▼
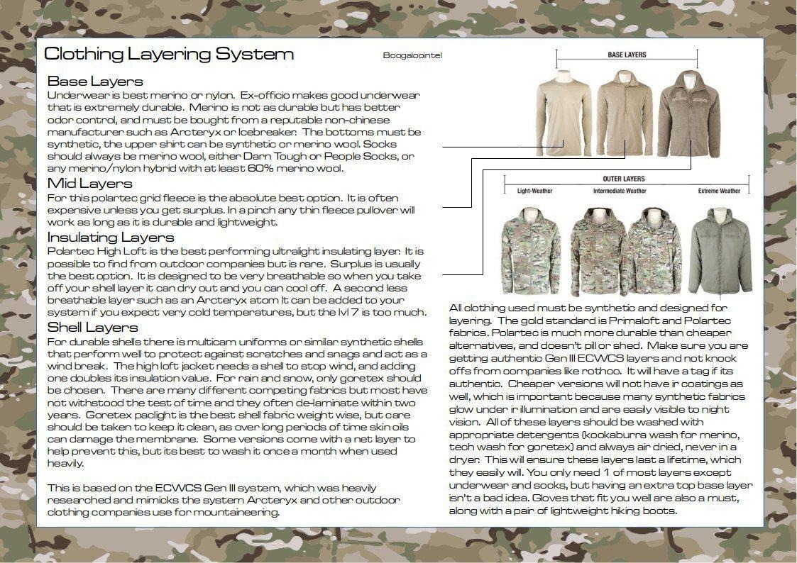 If possible, NIR compliant uniforms should be acquired. NIR compliant material is specially treated to reduce the reflection of Infrared light, which means it will blend into its surroundings better when under the gaze of Night Vision Goggles or other NIR devices.
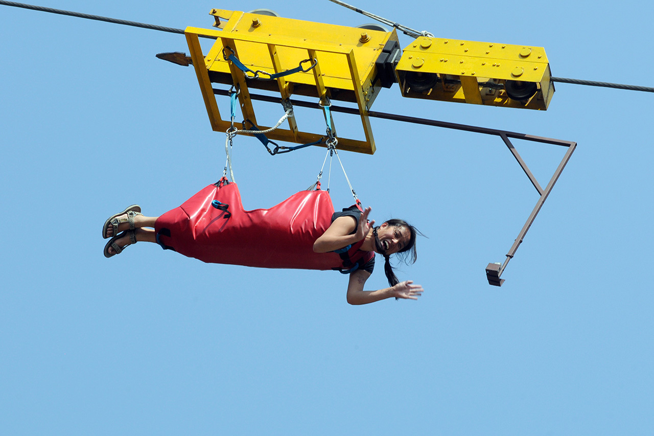 • To be freed by gravity, get harnessed to the wire. Roll down the wire to a height of up to 7 metres above the river's surface, take off again, and land at the lowest point. A retrieval mechanism will draw you back to the launch pad.
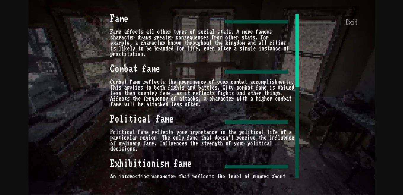 in addition to appearance, the character now has a system of statuses that affect the gameplay. some statuses temporarily change stats, some statuses increase the chance of certain events and so on; - fame system added
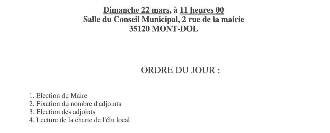 Invitation au Conseil municipal du dimanche 22 mars à 11h
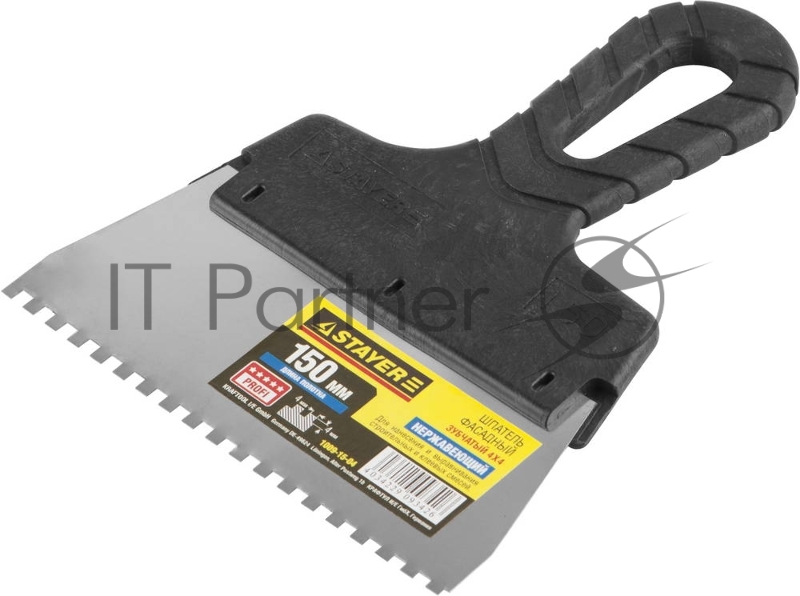 Шпатель STAYER PROFESSIONAL нержавеющий зубчатый с пластмассовой ручкой, 150мм, зуб 4х4мм
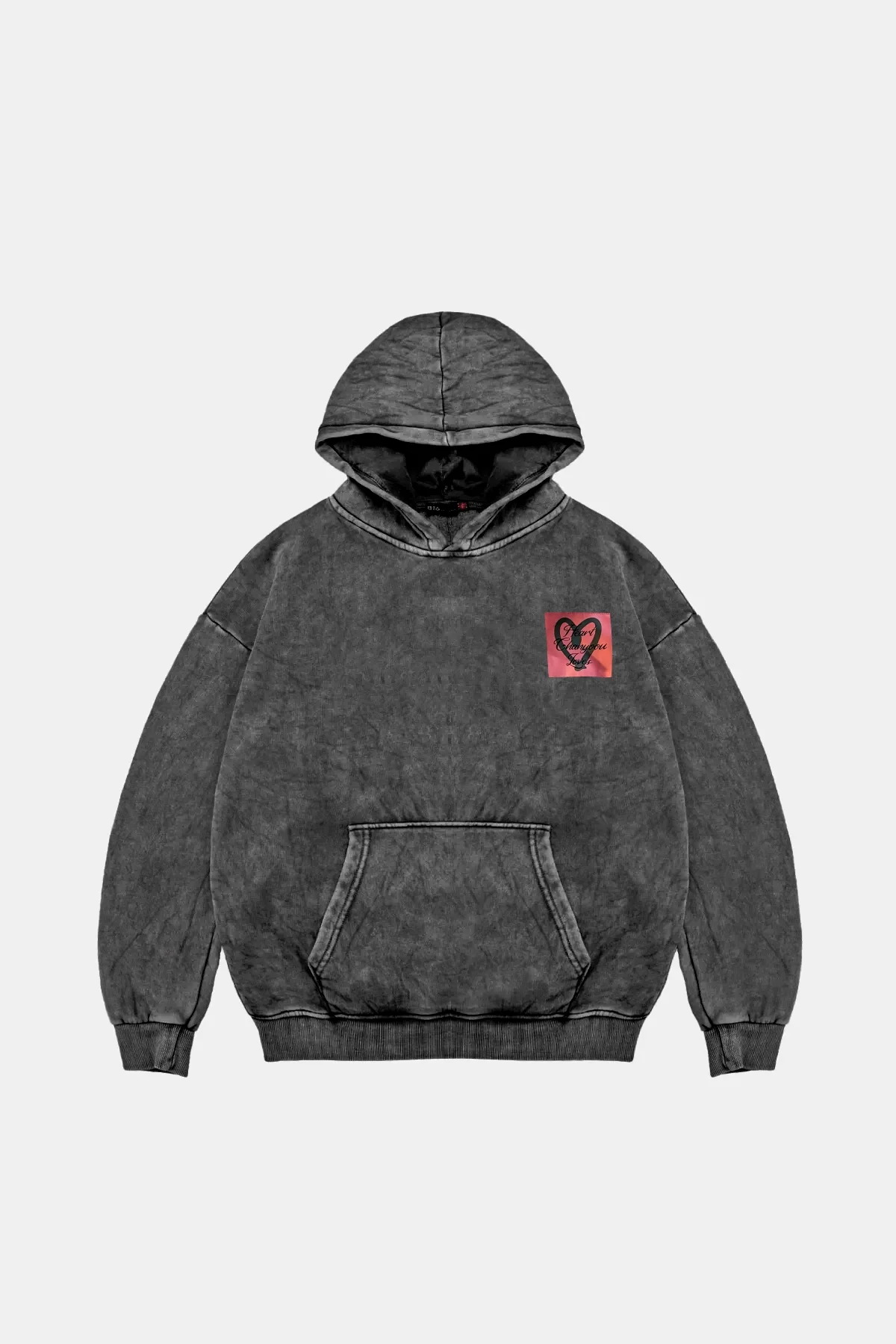 LOVE BASKILI OVERSİZE UNİSEX YIKAMALI SİYAH HOODİE
▲
WORK TO COMPLETE:
Extract only the lines from the line containing "Invitation au Conseil" through the final line of the listing above, unchanged; pictures stay out of the copy.

OUTPUT:
 Invitation au Conseil municipal du dimanche 22 mars à 11h
 Шпатель STAYER PROFESSIONAL нержавеющий зубчатый с пластмассовой ручкой, 150мм, зуб 4х4мм
 LOVE BASKILI OVERSİZE UNİSEX YIKAMALI SİYAH HOODİE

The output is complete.